Kate felt the warm breath behind Jack's whispered words and it was all she could do to suppress a moan from escaping her throat. She tilted her head towards Jack and leaned into him, she placed her hand over his lingering fingers and gently guided them towards her mouth, barely brushing her lips over them before releasing them from her grasp. She whispered back, "I've missed you too." She looked toward Bernard and Rose and gave her head an imperceptible shake. Jack smiled warmly in response and nodded once in a subtle motion, a secret gesture just for Kate, full of promise.
"Well, I think that it's time for a story before we all turn in." Jack placed his hands on his knees and leaned forward, and looked at Rose and Bernard across the fire and then let his eyes settle back upon Kate.
"What'll it be Jack, Little Red Riding Hood or The Three Little Pigs or maybe that one about Abu Hassam?" Bernard spoke up.
"You always tell that one, Bernard, not again!" Rose couldn't resist teasing her husband; it was one of the abiding temptations of her life.
Bernard looked at Rose and huffed in protest. "Abu Hassam and his Famous, oh well you know it anyway, it's one of the best stories known to man."
"Rose, I was more thinking about a little story about a young woman and a journey, a journey to an island." Jack let his words trail off and he turned pointedly toward Kate.
Kate began to feel everyone's eyes turn in her direction.
She swallowed hard, "That sounds like a good story, Jack, but I think that you would all prefer to hear the one about the Three Billy Goats Gruff, you know the one with the bridge and the Ogre? Listen, we can even act it out, we have just the right amount of people. Jack you be papa, Rose can be mama and Bernard can be Billy, I will take the hit this time and be the ogre." Kate laughed and tried to deflect Jack's curiosity for just a little longer.
"Kate you can hardly be the ogre, you're not old enough or large enough, it'll have to be me." Bernard played along, his soft heart reached out to her, he could tell that she was getting uncomfortable.

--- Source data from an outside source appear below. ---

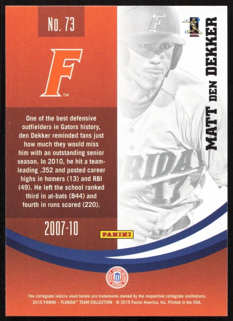 This Baseball card, from 2015 is part of the Panini Florida Gators card set. Matt Den Dekker is featured and has a card number of 73.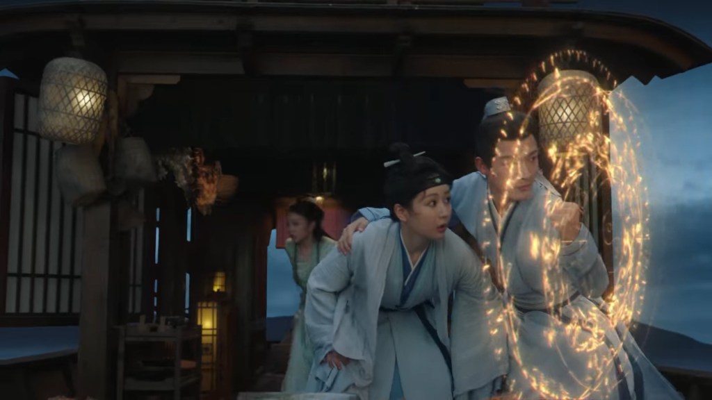 Xiaoyao escapes with Nian and Haitang from the sudden attack by Fangfeng Yiying.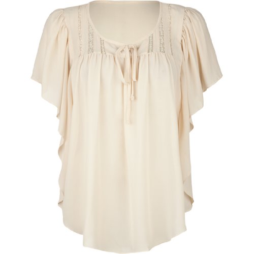 Full Tilt chiffon top. Lightweight and sheer. Loose fit. Scoop neck with center tie. Lace trim at bib. Short batwing sleeves. 100% polyester. Hand wash. Imported.

"I'm a good actress, Bernard, and it's quite dark." Kate laughed weakly and tried to continue the joke. She turned and looked at Jack's very serious face and realized that it was not going to work. He was not amused, not at all.

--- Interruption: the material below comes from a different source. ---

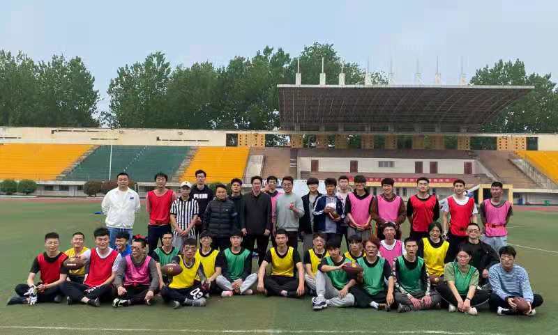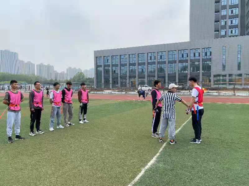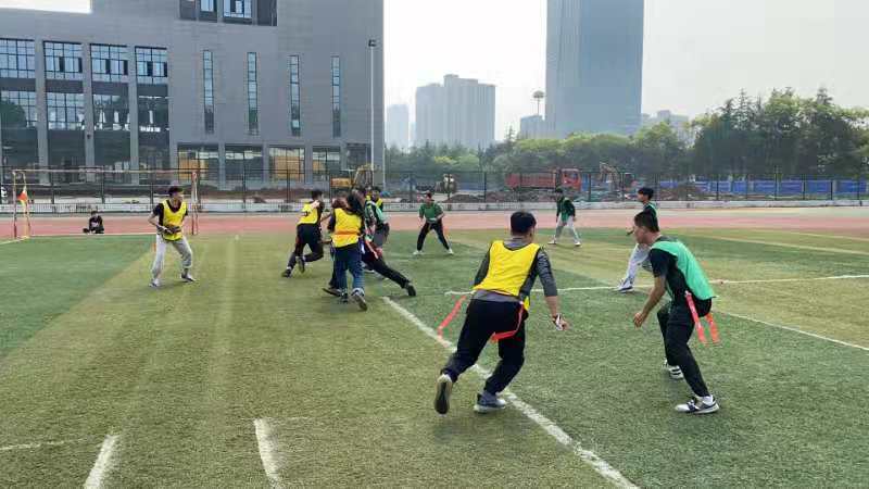 腰旗橄榄球是源于美国国家橄榄球大联盟(NFL)的一项大众化运动,它将美式橄榄球的基础规则和技巧进行修改,将参加对象调整为8-18岁的青少年。与正式橄榄球运动相比,腰旗橄榄球规定不允许抱人和推人,防守方拉下持球进攻球员腰带上的一条腰旗,进攻即被阻止,是一种安全的“非冲撞性”对抗运动,在世界多个国家的青少年中广为流行,国内也形成了多所知名高校组成的运动联盟,我院首次交流赛也达到了预设目的,师生反响较为热烈。

"Kate." Kate could hear that familiar rumble in his voice and she knew that he had decided that he must hear her story. His horns were out and he would stubbornly resist all of her attempts to deny him.
"Jack, it's a pretty long story and you're tired." Let's just turn in." Kate made one last desperate effort to avoid his question.
"Kate." Jack's voice carried within it just the hint of a plea, he knew that he could not make her tell him her story but with that one word he could convey to her that he simply needed to know.
Kate looked up at Jack and realized in that moment that she couldn't keep secrets from him any longer, they had to be done with that, they had to move beyond it.
"All right, Jack." Kate leaned back and looked at him, Rose and Bernard , they were all leaning in, intent on hearing every word. She put her weight on the heels of her hands and stretched her body before her, bracing herself for the reactions that she knew her tale would generate. She straightened her back and plunged in.
"This story begins about two weeks ago, when I held in my hands this tiny plane." Kate pulled the plane out of her pocket and showed it to her rapt and somewhat surprised audience. It glistened in the firelight.